Agricultural Services results improve on grain merchandising
Agricultural Services operating profit was $194 million, up $52 million from the year-ago period.
Merchandising and handling earnings improved $38 million to $107 million. ADM's new global trade desk (GTD) merchandising platform saw increased volumes and margins. In North America, volumes and margins improved, despite a very active fourth quarter, the start of the South American harvest and the impact of a strong dollar on U.S. export competitiveness.
Transportation results were essentially flat, with increased demand for northbound U.S. barge freight mostly offsetting decreased southbound demand due to lower exports from the Gulf.
Milling and other results improved $15 million to $55 million, due primarily to strong margins for flour, grain and feed.
Corn Processing results decline on lower ethanol margins
Corn Processing operating profit decreased from $251 million to $127 million.
Sweeteners and starches results declined $10 million to $85 million with increased North American volumes offset by lower contributions from coproducts, reduced equity earnings from joint-ventures, and startup costs related to the Tianjin sweetener facility.
Bioproducts results declined from $156 million to $42 million due to lower ethanol production volumes amid weaker industry margins. Supply/demand imbalances challenged industry ethanol margins most of the quarter, though conditions and margins have been improving since late March.
Oilseeds earnings excellent with record global soybean crushing results
Oilseeds operating profit of $483 million increased $153 million from strong year-ago results.

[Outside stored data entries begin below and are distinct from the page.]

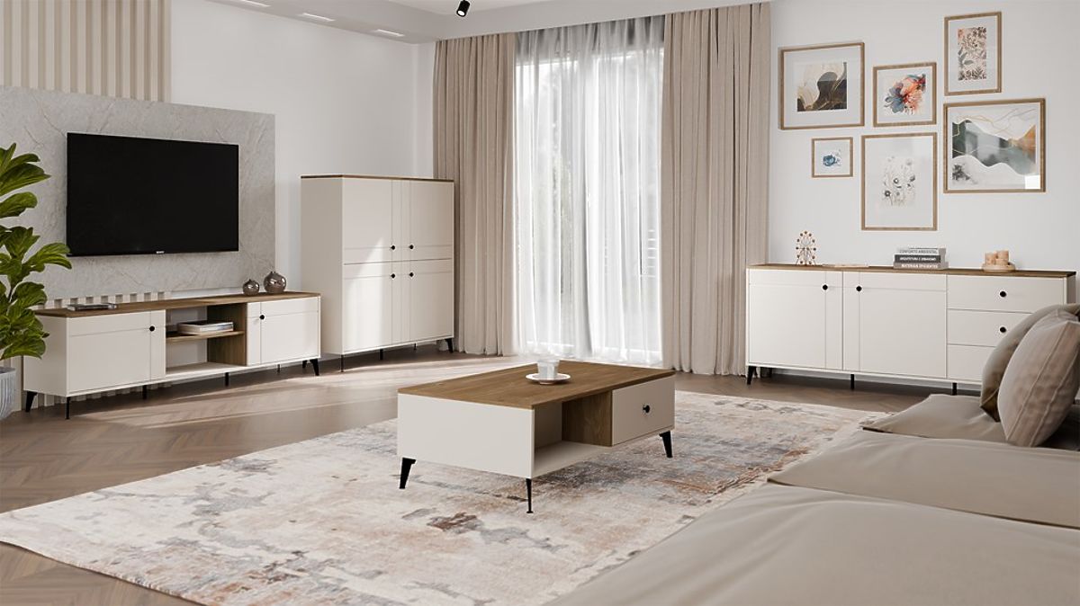 Komoda POINT 4D to propozycja dla tych, którzy cenią sobie styl, funkcjonalność i wysoką jakość wykonania. Połączenie modnego odcienia kaszmiru z naturalnym dekorem blatu Dąb Castello nadaje meblowi ponadczasowy charakter, który doskonale uzupełni zarówno nowoczesne, jak i klasyczne wnętrza.
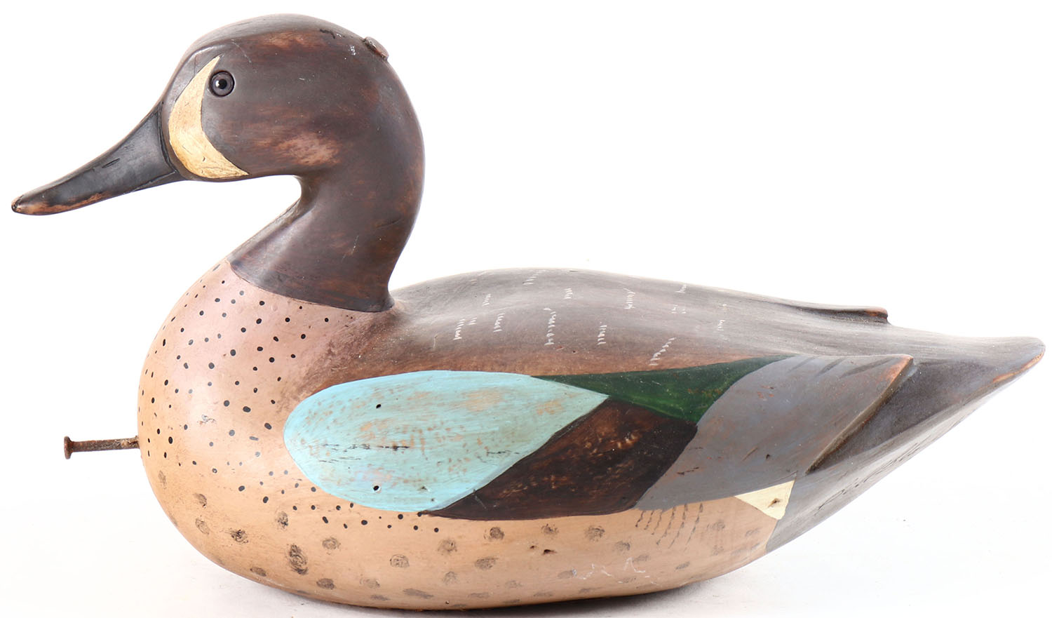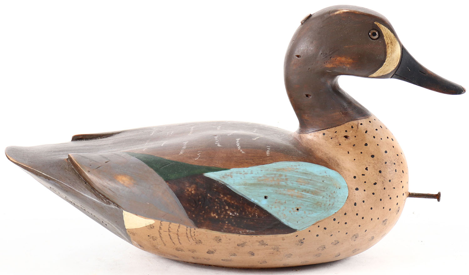 Blue Winged Teal Drake by Black Slough Decoy Company, Bill Black Jr.,glass eyes, solid wood, original paint, structurally excellent. Grade: Excellent + - Value: 10 to 40
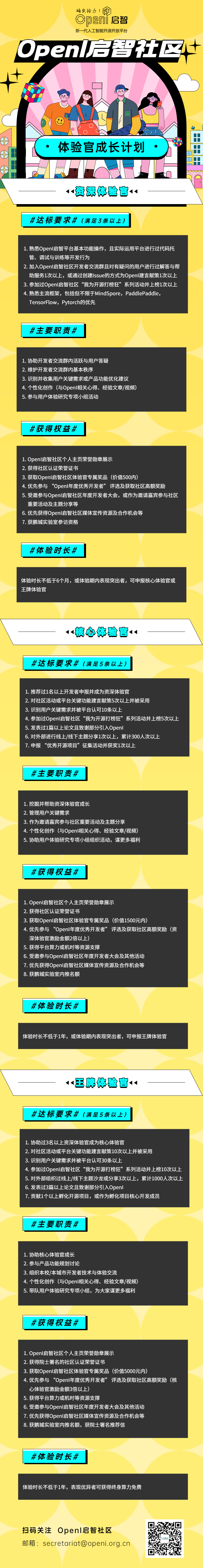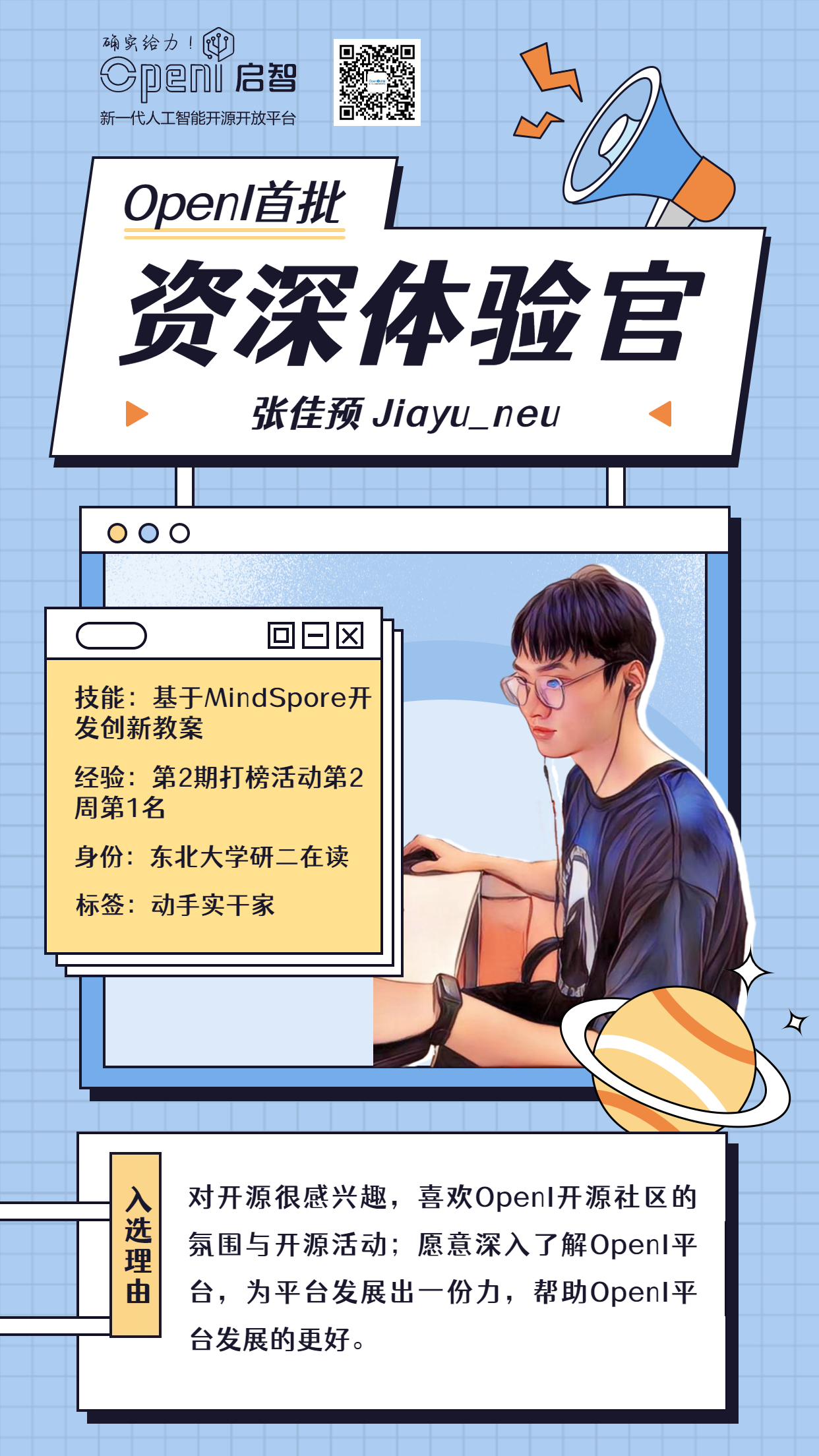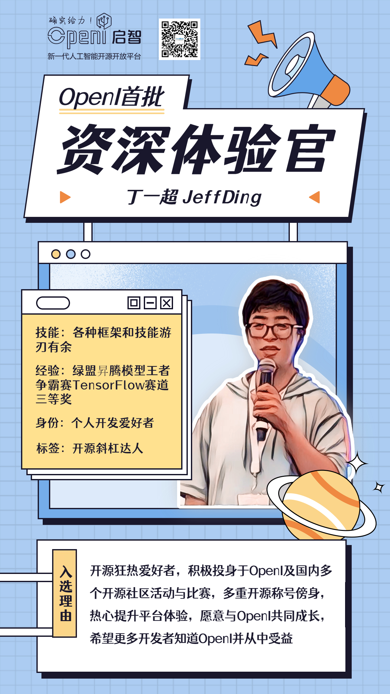 所以~~为了给AI开源领域挖掘更多优秀开源开发者,让大家有一个更好的平台能一展才华,同时帮助OpenI 更好地构建开源生态、提升平台体验、维护社群活跃氛围,OpenI 初次招募5名有活力有经验有技术且乐于助人的开发者们作为资深体验官,共同携手,创造美好开源未来。

Crushing and origination operating profit increased $173 million to $334 million. Soybean crushing results for the quarter were the strongest ever, with record volumes in Europe and North America and strong margins globally, driven by strong U.S. and global meal demand. Improved farmer selling helped support a significant improvement in South American origination results.
Refining, packaging, biodiesel and other generated a profit of $52 million for the quarter, down $33 million. Improved biodiesel results in South America—from the enactment of increased blending standards in Brazil—were offset by lower margins in North America and weaker demand in Europe.
Oilseeds results in Asia for the quarter improved from the year-ago period, primarily driven by stronger Wilmar results.
Wild Flavors and Specialty Ingredients first reporting quarter
During the fourth quarter of 2014, ADM closed on the acquisitions of WILD Flavors GmbH and Specialty Commodities Inc. Starting with the first quarter of 2015, ADM has created a new business segment—Wild Flavors and Specialty Ingredients—which includes the results of these two businesses as well as ADM’s legacy specialty ingredients businesses.
In the first quarter, WILD Flavors and Specialty Ingredients operating profit was $68 million. Globally, the WILD Flavors business is off to a great start towards achieving the cost and revenue synergies that were identified last year. There have been more than 200 joint customer engagements, more than 400 projects in the pipeline and 30 revenue synergy wins across the business units and geographies.